Traditional Medicare not only doesn’t measure up to Medicare Advantage (MA) when it comes to cutting back on utilization, it also falls short in many ways compared to commercial insurance for those under 65, according to a new analysis.
A white paper by Harvard Medical School and Inovalon Harvard Medical School and Inovalon, which provides cloud-based healthcare data aggregation services, looks at enrollment data from 2015 through 2019. Researchers found that MA enrollees have more than 50% fewer inpatient hospital stays than fee-for-service Medicare enrollees.
In addition, MA members visited emergency departments 22% fewer times than those enrolled in traditional Medicare.
While people who enrolled in MA plans saw stable utilization in the first two years, those who enrolled in fee-for-service Medicare instead saw utilization increase by 35%, according to the report.
Describing fee-for-service Medicare as a “glaring outlier,” the white paper also said that “while patients generally use more care as they age, it is unlikely that the sudden spike in costs reflects FFS beneficiaries suddenly getting dramatically sicker following their 65th birthday. It is also unlikely that the spike reflects strategic delays to care, given that this would produce a transient spike, rather than the sustained and growing one we see.”
The higher utilization among fee-for-service beneficiaries seems to be caused largely by inpatient care, which doubles as patients switch from commercial plans to traditional Medicare coverage. Compared to traditional Medicare, MA provides comparable primary and routine care with 7% fewer visits to a primary care provider, according to the report.
Prescription drug use is similar, but overall costs for MA beneficiaries are 12% lower than fee-for-service beneficiaries with similar ailments even after adjusting for socioeconomic, beneficiary and clinical differences.
The white paper said that “FFS lacks basic and valuable features common to most private health plans, such as active patient management and care coordination.
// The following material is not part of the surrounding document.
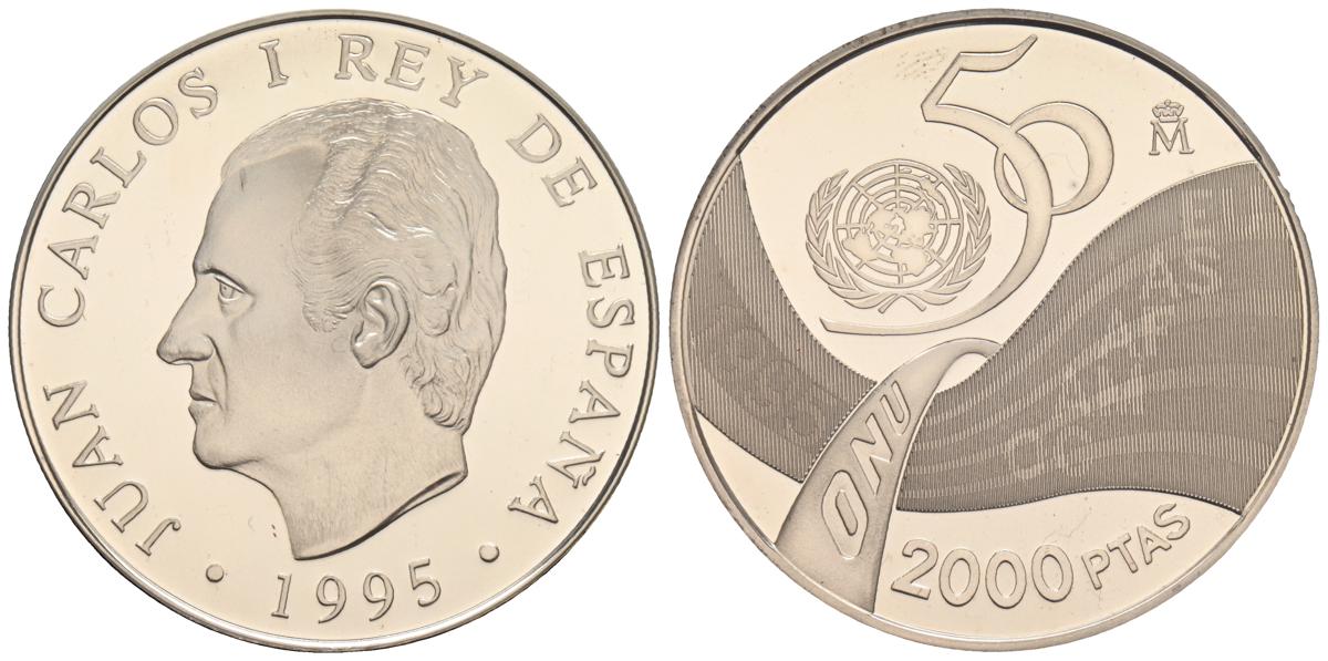 JUAN CARLOS I (1975-2014). 2000 Pesetas. (Ar. 27,00g/40mm). 1995. FNMT. 50 Aniversario de la ONU. PROOF. Incluye estuche original y certificado de autenticidad.

While there have been efforts to introduce more cost and quality incentives into FFS, such as the rollout of accountable care organizations (ACOs), our findings suggest that these efforts did not go far enough and that additional reforms are needed.”
Boris Vabson, Ph.D., health economist at Harvard Medical School and a lead researcher on the project, said in a press release accompanying the white paper that “our research credibly and definitively measures the efficacy of MA relative to FFS and indicates that the MA program is making healthcare more efficient without sacrificing quality of care for patients.”
Researchers used Inovalon’s data set, which covers about 30% of the insured population in any given year and includes pharmacy and medical claims for MA plans, traditional Medicare, Managed Medicaid, Affordable Care Act plans and employer-sponsored health insurance plans.
Christie Teigland, Ph.D., vice president of research science and advanced analytics at Inovalon, said in the press release that “our study demonstrates how active care management and preventive care offered under MA is helping beneficiaries better manage their health in cost-effective ways. This data and other insights from our findings offer the industry a glimpse into the strategies that are working to meaningfully improve healthcare, including the health of the most disadvantaged elderly beneficiaries.”